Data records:
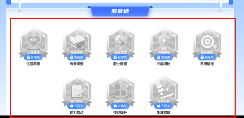 4)点击对应徽章进行生涯闯关,徽章点亮表示闯关完成
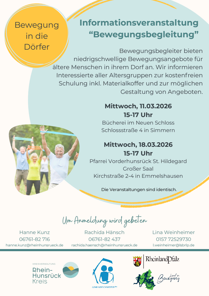 Bewegungsbegleiter bieten niedrigschwellige Bewegungsangebote für ältere Menschen direkt im Dorf an. Informiert wird über die kostenfreie Schulung inklusive Materialkoffer sowie über Möglichkeiten zur Gestaltung von Angeboten.
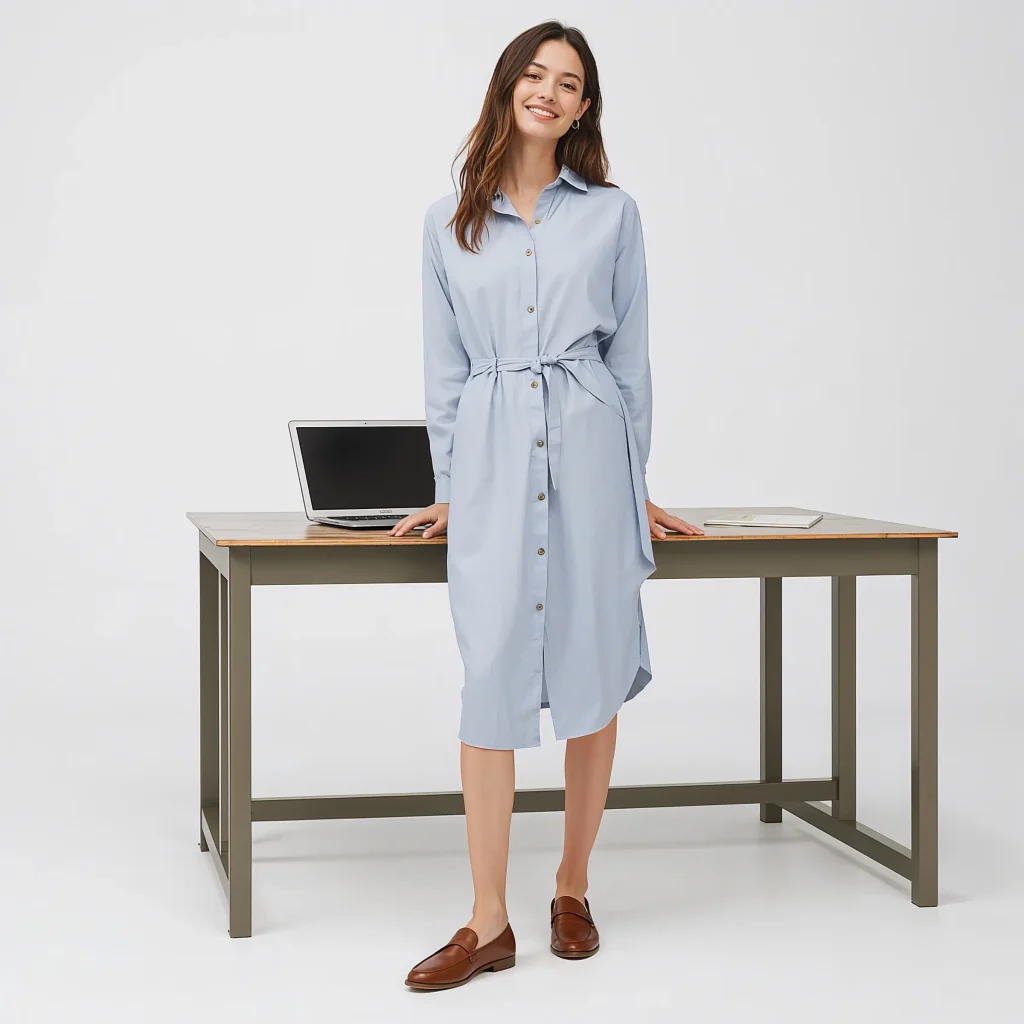 The beauty of this combination lies in its versatility. Throw on a blazer when you need extra authority, or add a cardigan for cozy vibes. The shirt dress handles all seasons too – bare legs in summer, tights in winter, and you’re sorted.
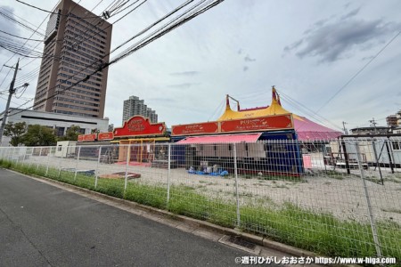 現在延伸工事中で、大阪モノレールの(仮)荒本駅ができる予定のイオン東大阪店跡地。工事が大幅に遅れ、しばらく空き地の状態が続いていました。
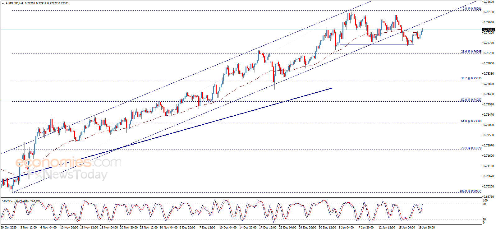The AUDUSD pair trades with new positivity to approach 0.7760 level, and as we mentioned this morning, the price needs to hold below this level to keep the bearish trend active for today, which targets 0.7665 followed by 0.7625 levels mainly, noting that breaching 0.7760 will stop the expected decline and push the price to resume the main bullish trend again.
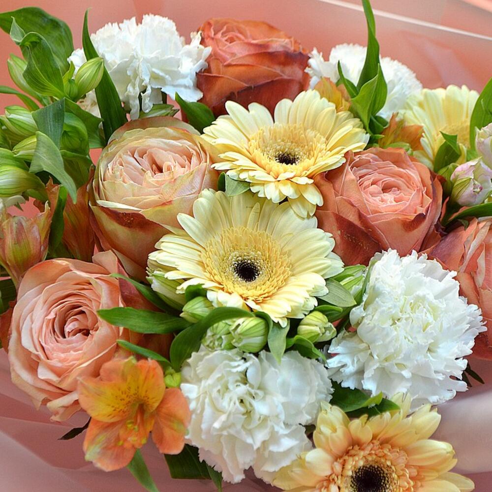 пионовидные розы – 5 шт.Альстромерия – 6 шт.герберы – 3 шт.диантусы – 5 шт.стильная упаковка букет – 1 шт.
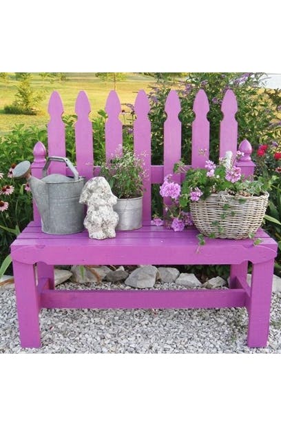 Brug idéen fra stakitten og kombinér den med din nye bænk. Dekorativ og praktisk på samme tid.
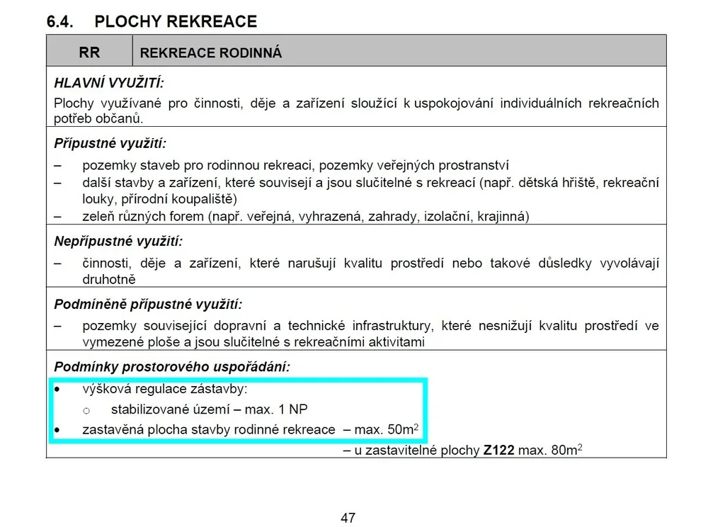 Dle územního plánu je zde možné postavit rekreační objekt o jednom podlaží do 50 m² s půdním prostorem. Stavět lze buď hned na místě stávající chatky, nebo je možné vyčkat cca 10 let na plánovanou rekonstrukci elektrického vedení. Při ní může EG.D zdarma nebo s minimálním doplatkem přeložit vedení mimo pozemek, což by umožnilo umístit stavbu na horní připravenou plochu vedle současného posezení, s ještě hezčím výhledem.
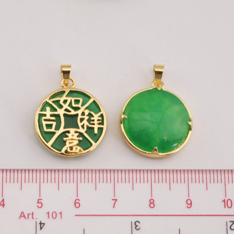 Crafted from quality materials, including vibrant green jade and metallic settings in gold or silver tones.
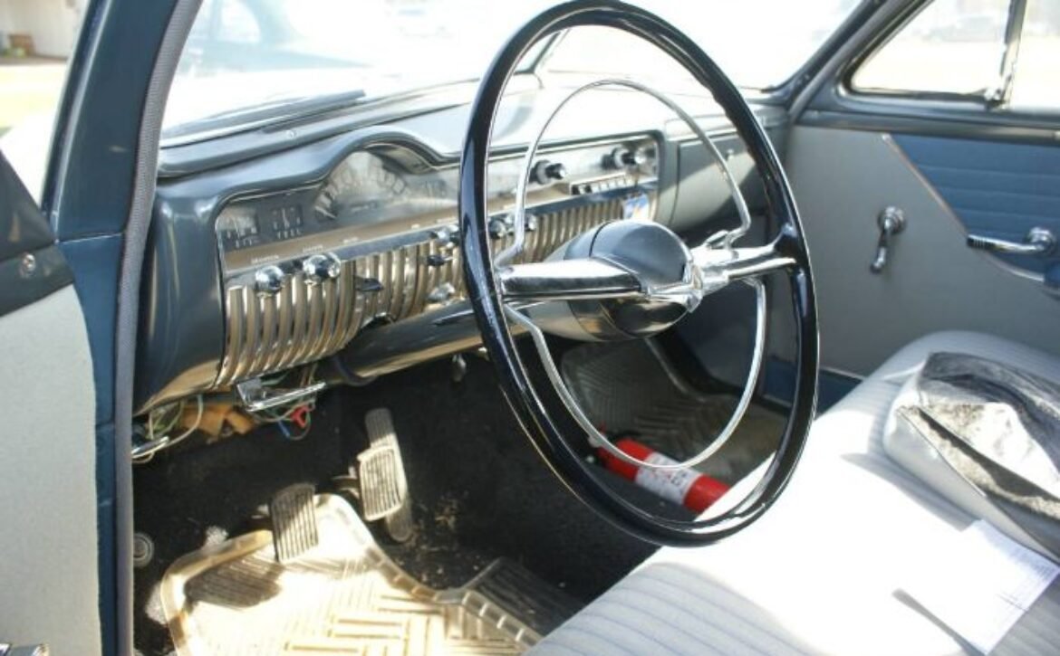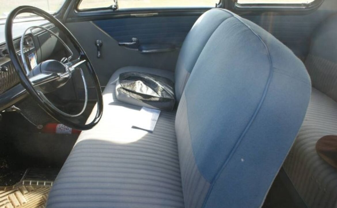 This classic car has been meticulously maintained and stored indoors, ensuring its excellent condition over the years. The original engine, which was damaged, was replaced with a 239 Flathead V8 short block, incorporating the original Mercury heads, intake, and pan. Estimated to develop about 105 HP, the engine runs smoothly with a single 2-barrel carburetor. The 3-speed manual transmission, equipped with overdrive, allows for pleasant highway cruising.
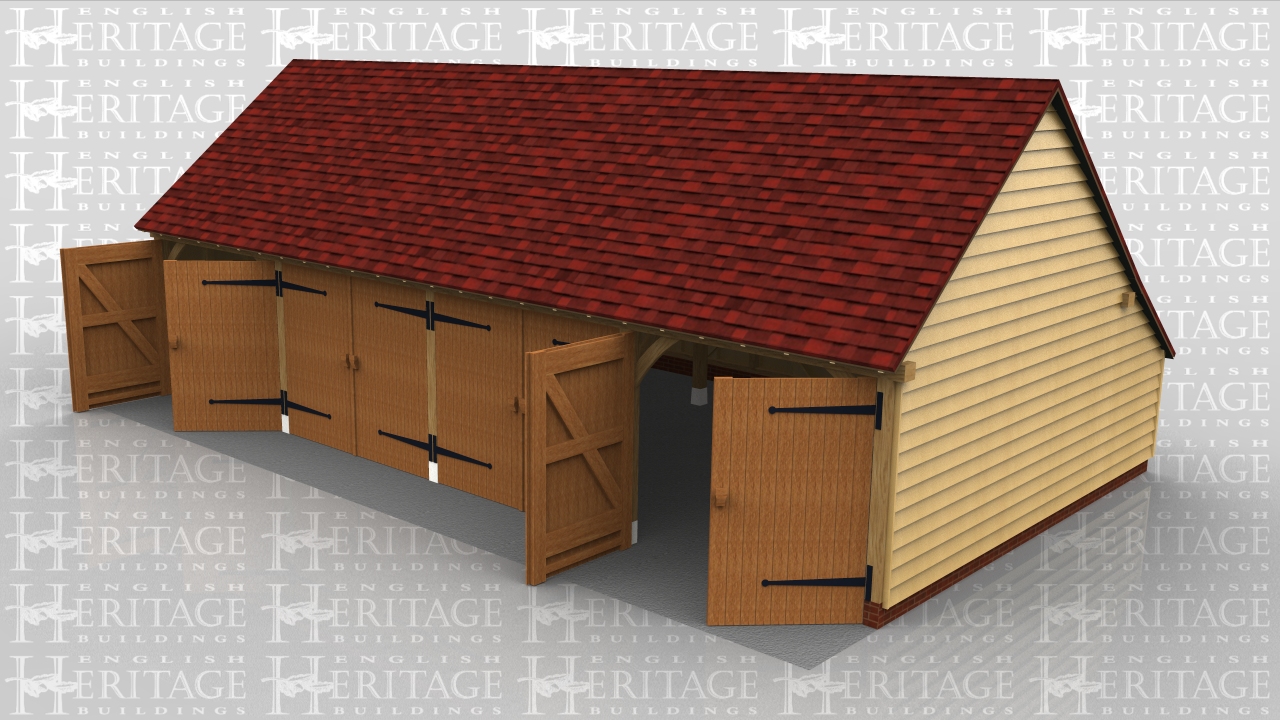 Four bay garage with rear catslide. All 4 bays have garage doors to keep the inside secure.
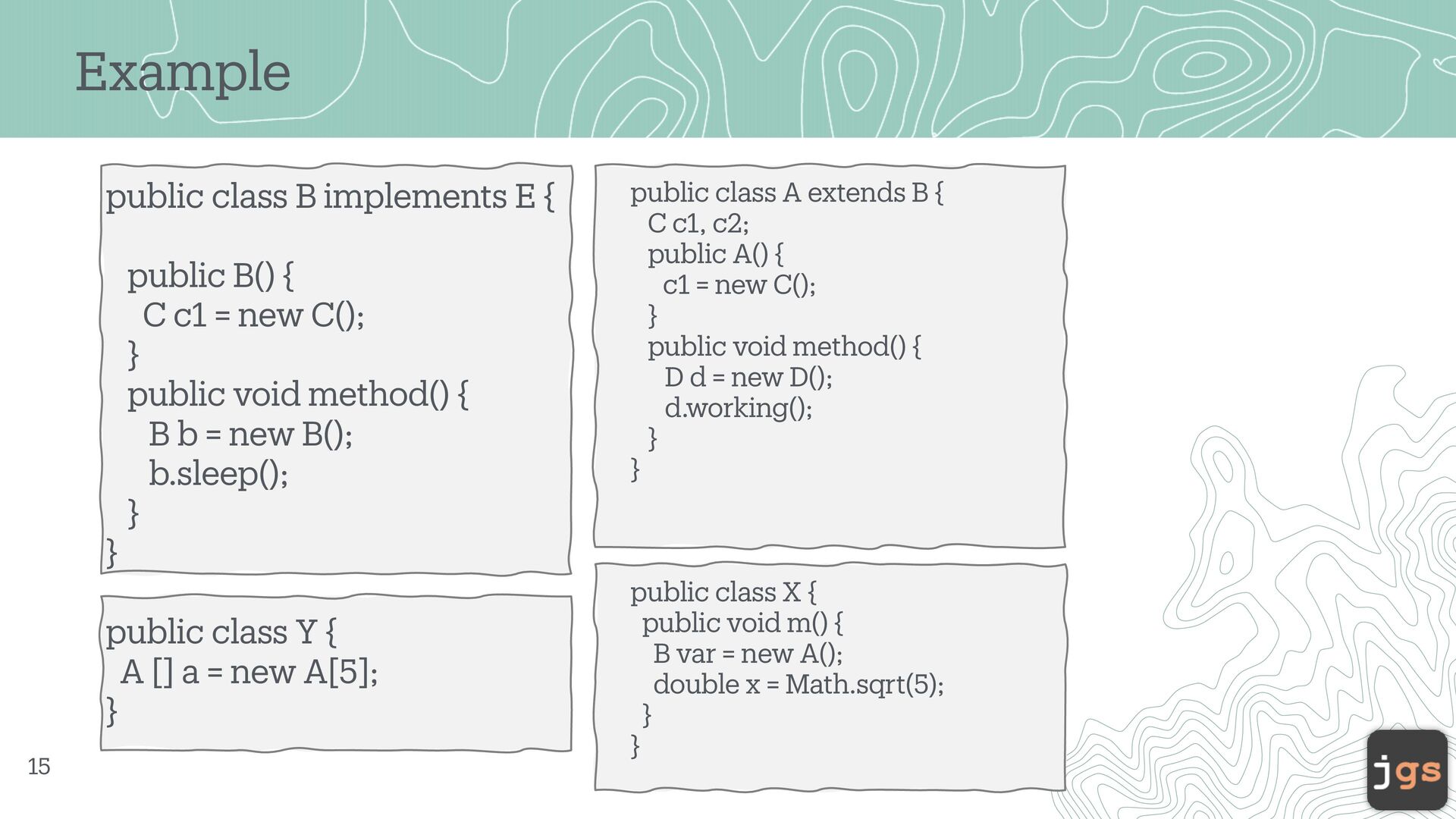 5. Example public class B implements E { public B() {

• _Task requirements_:
Could you transcribe exactly the lines from the start of the records through the line containing "Bewegungsbegleiter bieten niedrigschwellige", both ends included, leaving the pictures out?

• _Written solution_:
 4)点击对应徽章进行生涯闯关,徽章点亮表示闯关完成
 Bewegungsbegleiter bieten niedrigschwellige Bewegungsangebote für ältere Menschen direkt im Dorf an. Informiert wird über die kostenfreie Schulung inklusive Materialkoffer sowie über Möglichkeiten zur Gestaltung von Angeboten.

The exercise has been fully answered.